Vendí todo lo que tenía y compré un billete de ida para reunirme con mi primer amor. Pero el destino tenía otros planes. Un infarto en pleno vuelo me llevó a una ciudad donde tuve que elegir: renunciar o tomar el camino más largo hacia el amor.
A los 78 años, vendí todo lo que tenía. Mi apartamento, mi vieja camioneta, incluso mi colección de discos de vinilo, los que había pasado años coleccionando. Las cosas ya no importaban.
Elizabeth me escribió primero. La carta llegó inesperadamente, metida entre facturas y anuncios, como si no supiera el poder que tenía.

“He estado pensando en ti”.
Eso era todo lo que decía. Una sola frase que me hizo retroceder décadas. La leí tres veces antes de permitirme respirar.
Una carta. De Elizabeth. Me temblaron los dedos al desplegar el resto de la página.
“Me pregunto si alguna vez piensas en aquellos días. En cómo nos reíamos, en cómo me tomaste de la mano aquella noche en el lago. Lo pienso. Siempre lo he hecho”.

“James, eres un maldito idiota”, murmuré para mí mismo.
El pasado era el pasado. Pero por primera vez en años, no me parecía tan lejano.
Empezamos a escribirnos. Al principio, notas cortas. Luego cartas más largas, cada una de las cuales iba quitando las capas del tiempo. Me habló de su jardín, de cómo seguía tocando el piano, de cómo echaba de menos que me burlara de ella por su terrible café.
Entonces, un día, me envió su dirección. Fue entonces cuando lo vendí todo y compré un billete de ida.
Por fin, el avión se elevó en el cielo y cerré los ojos, imaginándomela esperándome.

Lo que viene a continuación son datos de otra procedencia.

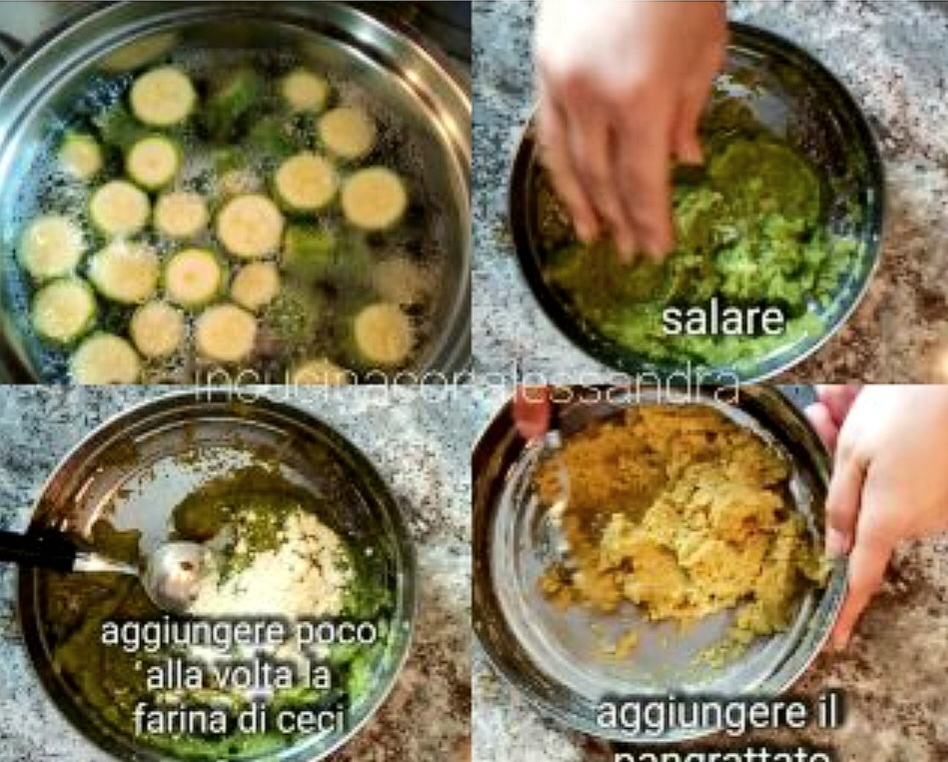 Primeiro lave bem as abobrinhas. Corte em rodelas, pegue uma panela, encha com água e coloque as abobrinhas; quando começar a ferver, cozinhe por 6/7 minutos. Escorra bem e bata com um mixer de imersão. Em uma frigideira, refogue um pouco de cebola picada em óleo. Tempere as abobrinhas com sal, adicione a cebola refogada e vá acrescentando aos poucos, sempre mexendo, a farinha de grão-de-bico, até obter uma consistência bem firme — faça o teste para ver se dá para formar o burger. Nesse ponto, acrescente uma pitada de cúrcuma e uma colher de sopa de farinha de rosca, misturando bem.
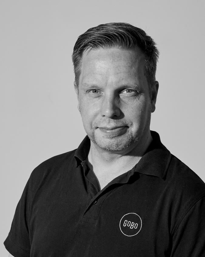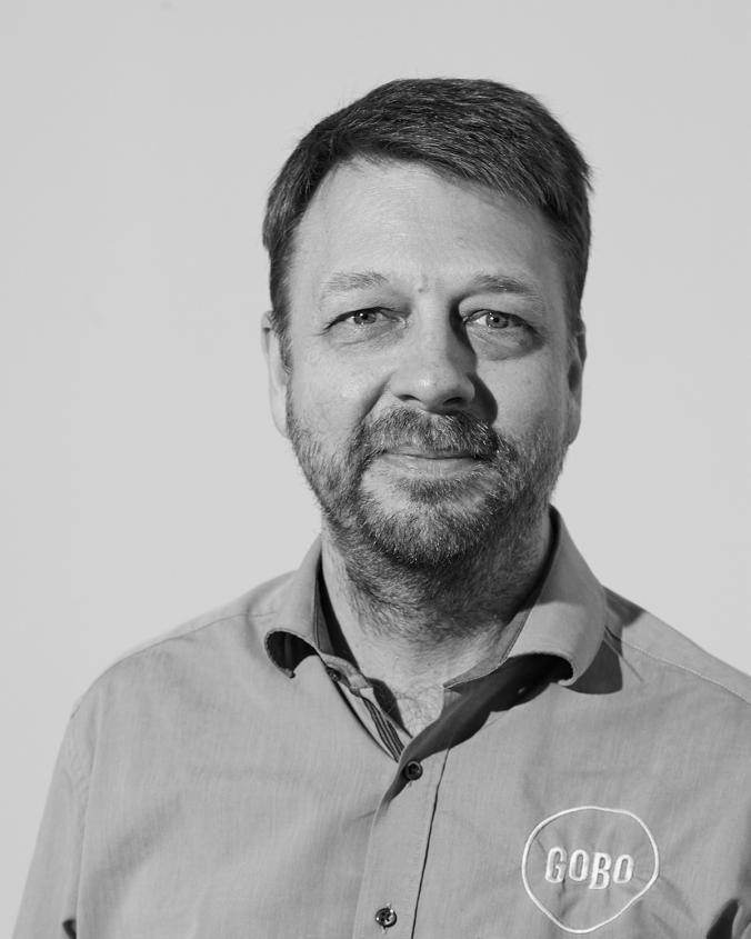 Jens Holm vastaa Gobon tuotteista ja koulutuksesta sekä sisäisesti että ulkoisesti. Hän tulee teatterimaailmasta ja on muun muassa työskennellyt 14 vuotta teknikkona ja valosuunnittelijana Århusin teatterissa.

¿Seguirá teniendo la misma risa alegre? ¿Seguirá inclinando la cabeza cuando me escuche?
Pero entonces, una extraña presión en el pecho me hizo ponerme rígido. Un dolor agudo y punzante me recorrió el brazo. Se me cortó la respiración. Una azafata se acercó a toda prisa.
“Señor, ¿se encuentra bien?”.
Intenté responder, pero no me salían las palabras. Las luces de arriba se desdibujaban. Las voces se arremolinaban. Luego todo se volvió negro.